- [WHAT THE TASK ASKS] Your answer must be the lines from the one containing "SKONE 9399 WOMEN" through the last line below, copied exactly, with no pictures.

- [RECORDED DATA]
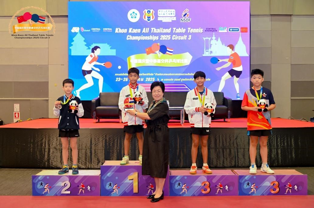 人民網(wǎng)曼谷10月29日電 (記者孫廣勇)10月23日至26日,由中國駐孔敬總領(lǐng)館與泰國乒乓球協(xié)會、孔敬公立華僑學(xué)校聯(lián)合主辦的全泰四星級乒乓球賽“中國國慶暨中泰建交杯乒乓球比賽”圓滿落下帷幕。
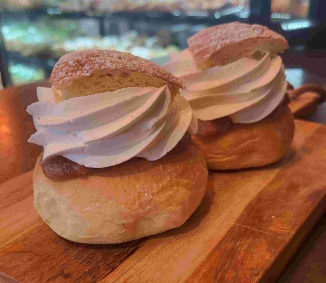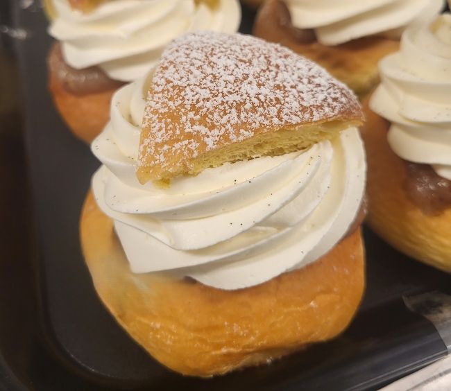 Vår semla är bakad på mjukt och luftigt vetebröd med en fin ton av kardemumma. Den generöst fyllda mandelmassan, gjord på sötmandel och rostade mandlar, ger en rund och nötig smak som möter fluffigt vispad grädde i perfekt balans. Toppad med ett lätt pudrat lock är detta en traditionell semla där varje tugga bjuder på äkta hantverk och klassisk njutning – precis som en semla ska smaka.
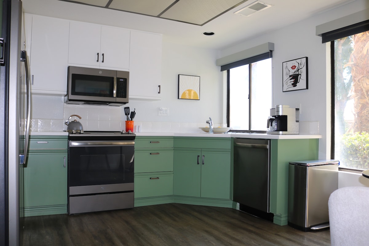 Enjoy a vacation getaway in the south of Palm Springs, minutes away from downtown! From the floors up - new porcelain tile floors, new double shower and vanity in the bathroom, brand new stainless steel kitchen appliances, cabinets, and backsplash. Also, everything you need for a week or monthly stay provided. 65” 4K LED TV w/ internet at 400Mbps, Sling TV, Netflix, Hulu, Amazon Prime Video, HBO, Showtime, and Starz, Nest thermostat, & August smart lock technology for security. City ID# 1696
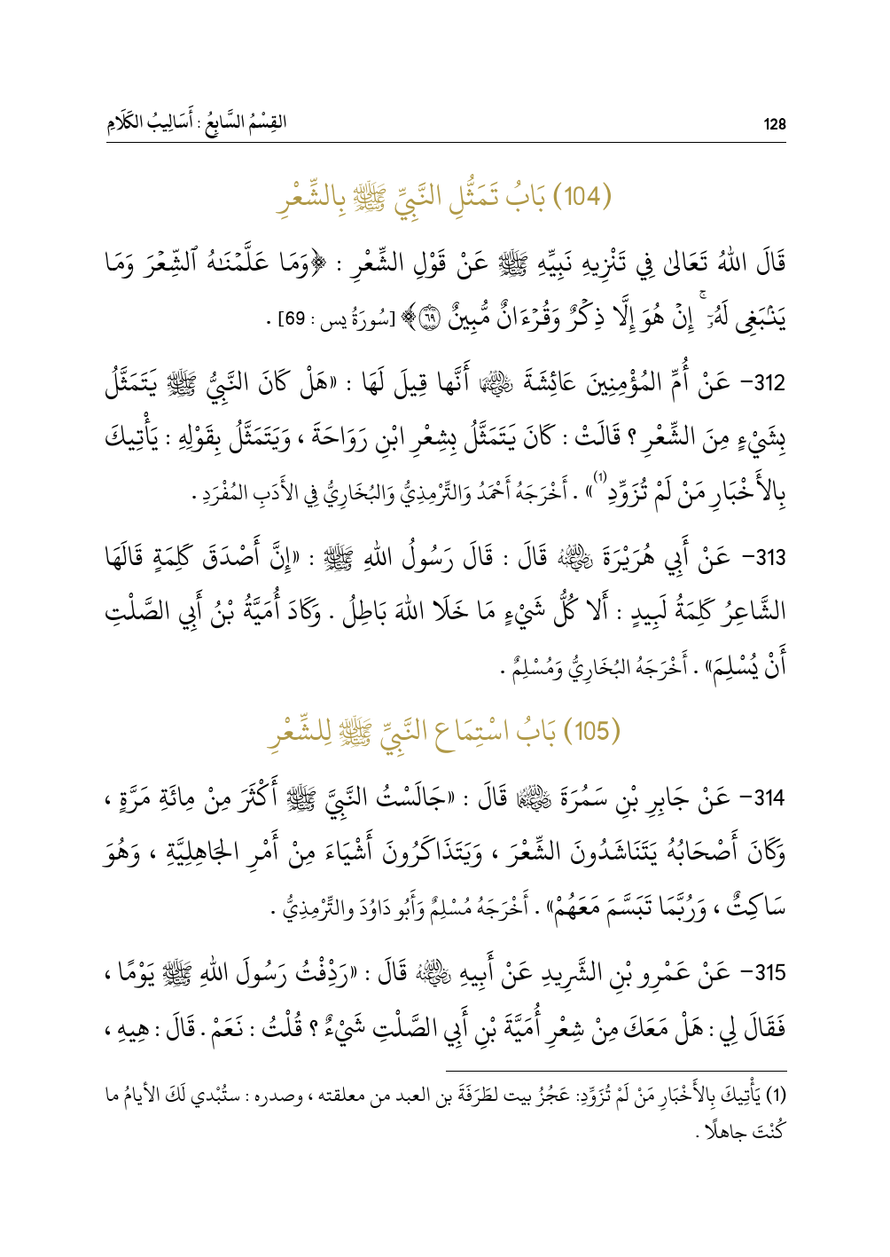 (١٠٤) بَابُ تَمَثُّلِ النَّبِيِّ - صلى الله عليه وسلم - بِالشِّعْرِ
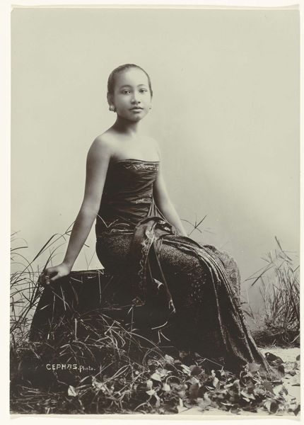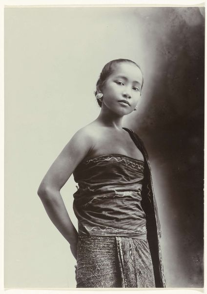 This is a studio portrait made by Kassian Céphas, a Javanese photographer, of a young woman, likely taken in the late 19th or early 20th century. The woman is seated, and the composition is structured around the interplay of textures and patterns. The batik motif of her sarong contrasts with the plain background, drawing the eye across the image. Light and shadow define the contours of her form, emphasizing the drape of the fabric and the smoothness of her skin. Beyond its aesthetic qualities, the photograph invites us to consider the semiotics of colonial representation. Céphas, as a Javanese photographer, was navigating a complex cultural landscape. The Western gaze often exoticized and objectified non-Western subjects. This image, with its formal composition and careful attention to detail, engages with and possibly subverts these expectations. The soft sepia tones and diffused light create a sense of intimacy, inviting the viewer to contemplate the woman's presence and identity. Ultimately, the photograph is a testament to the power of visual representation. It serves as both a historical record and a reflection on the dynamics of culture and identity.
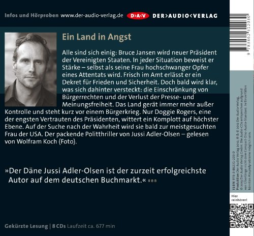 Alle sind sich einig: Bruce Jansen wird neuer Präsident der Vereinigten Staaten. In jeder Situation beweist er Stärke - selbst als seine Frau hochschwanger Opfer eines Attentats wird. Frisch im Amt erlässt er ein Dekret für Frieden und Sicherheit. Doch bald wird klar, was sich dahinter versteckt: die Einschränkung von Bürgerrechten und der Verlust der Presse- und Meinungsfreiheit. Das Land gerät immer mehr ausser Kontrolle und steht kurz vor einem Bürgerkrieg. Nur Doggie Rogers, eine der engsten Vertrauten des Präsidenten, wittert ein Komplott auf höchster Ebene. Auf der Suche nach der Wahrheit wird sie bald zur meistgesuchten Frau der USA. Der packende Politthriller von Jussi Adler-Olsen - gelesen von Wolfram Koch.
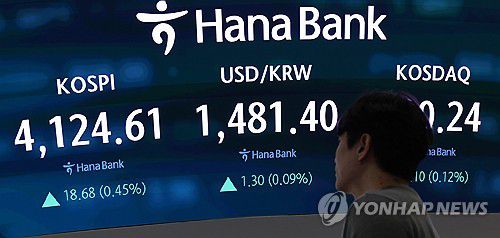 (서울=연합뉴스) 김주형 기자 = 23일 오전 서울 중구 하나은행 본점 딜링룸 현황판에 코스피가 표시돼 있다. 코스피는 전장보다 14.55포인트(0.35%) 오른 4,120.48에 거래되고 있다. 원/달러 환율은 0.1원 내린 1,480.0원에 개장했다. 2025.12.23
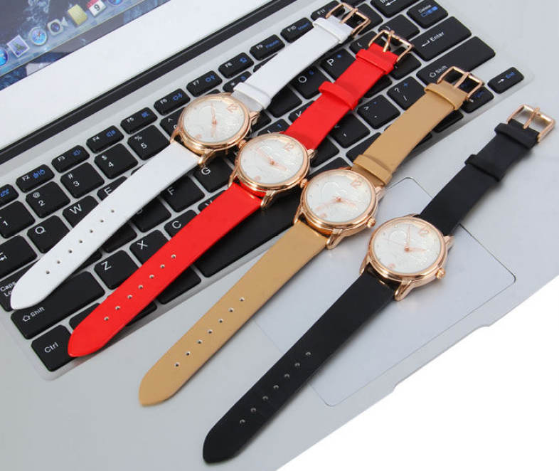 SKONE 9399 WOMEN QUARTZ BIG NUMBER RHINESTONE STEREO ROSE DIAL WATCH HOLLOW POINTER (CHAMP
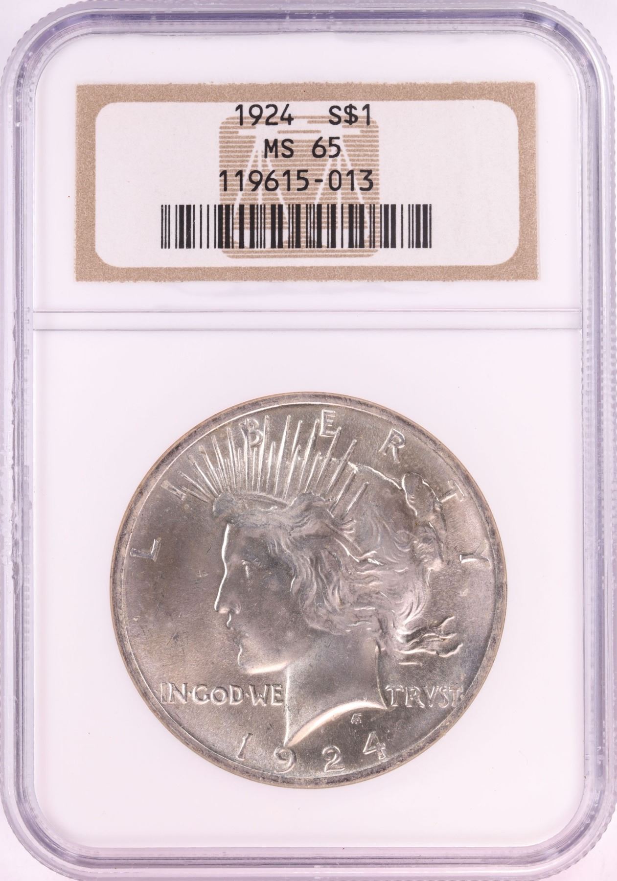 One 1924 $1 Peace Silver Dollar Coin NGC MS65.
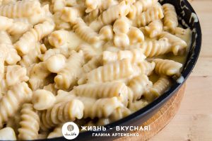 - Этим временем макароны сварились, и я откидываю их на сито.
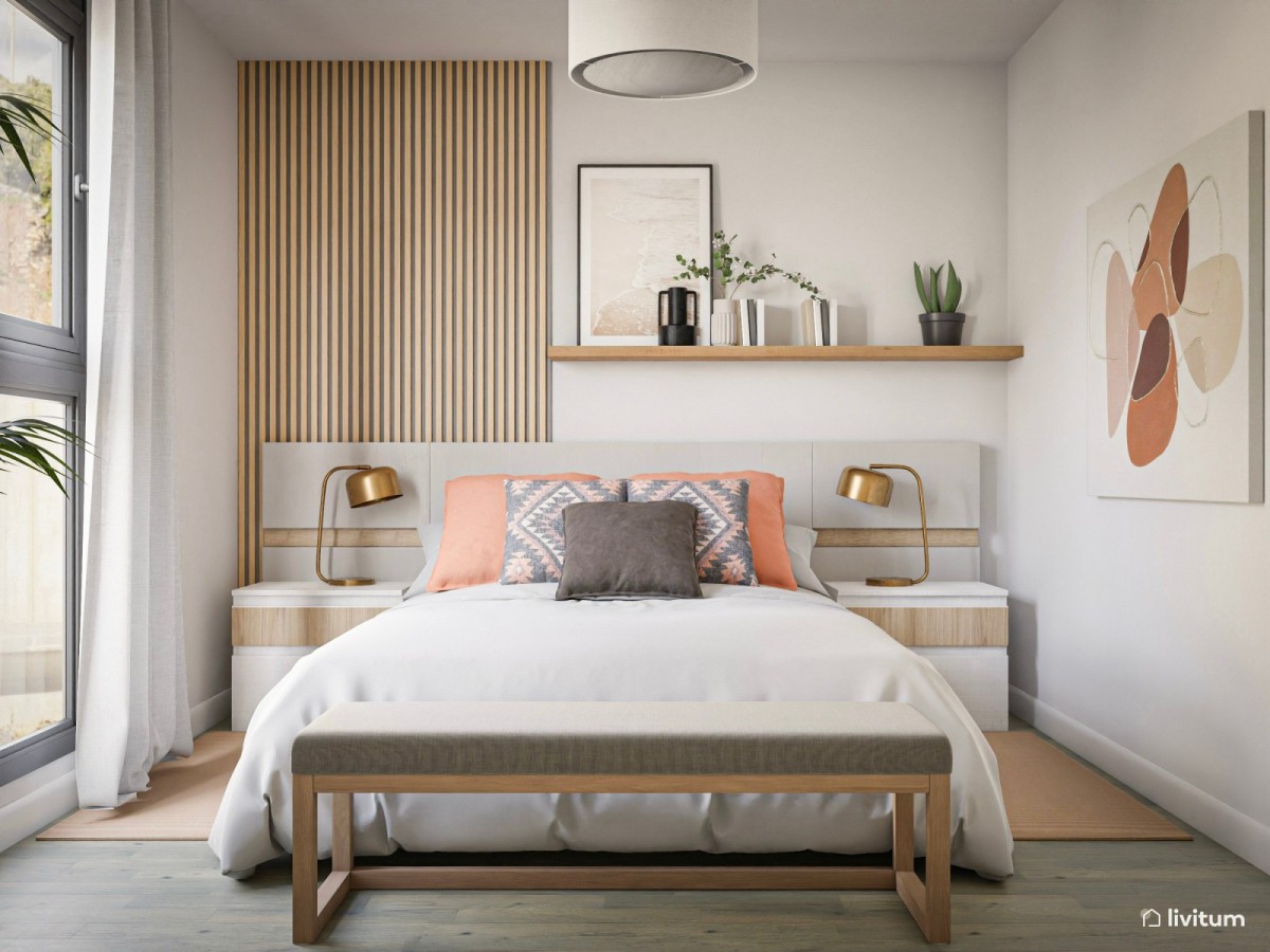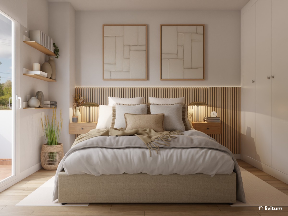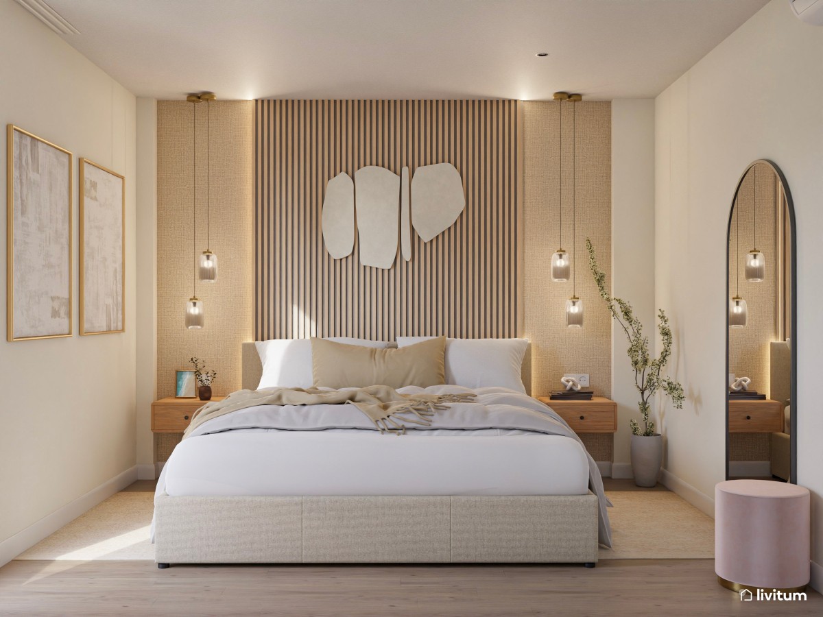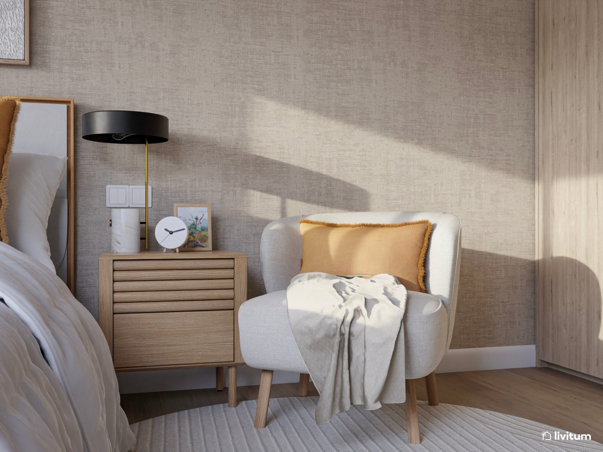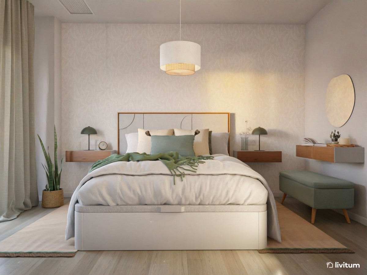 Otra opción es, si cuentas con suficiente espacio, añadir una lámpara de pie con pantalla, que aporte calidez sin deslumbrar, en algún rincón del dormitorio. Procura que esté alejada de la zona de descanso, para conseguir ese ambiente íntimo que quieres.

- [FINAL ANSWER]
 SKONE 9399 WOMEN QUARTZ BIG NUMBER RHINESTONE STEREO ROSE DIAL WATCH HOLLOW POINTER (CHAMP
 One 1924 $1 Peace Silver Dollar Coin NGC MS65.
 - Этим временем макароны сварились, и я откидываю их на сито.
 Otra opción es, si cuentas con suficiente espacio, añadir una lámpara de pie con pantalla, que aporte calidez sin deslumbrar, en algún rincón del dormitorio. Procura que esté alejada de la zona de descanso, para conseguir ese ambiente íntimo que quieres.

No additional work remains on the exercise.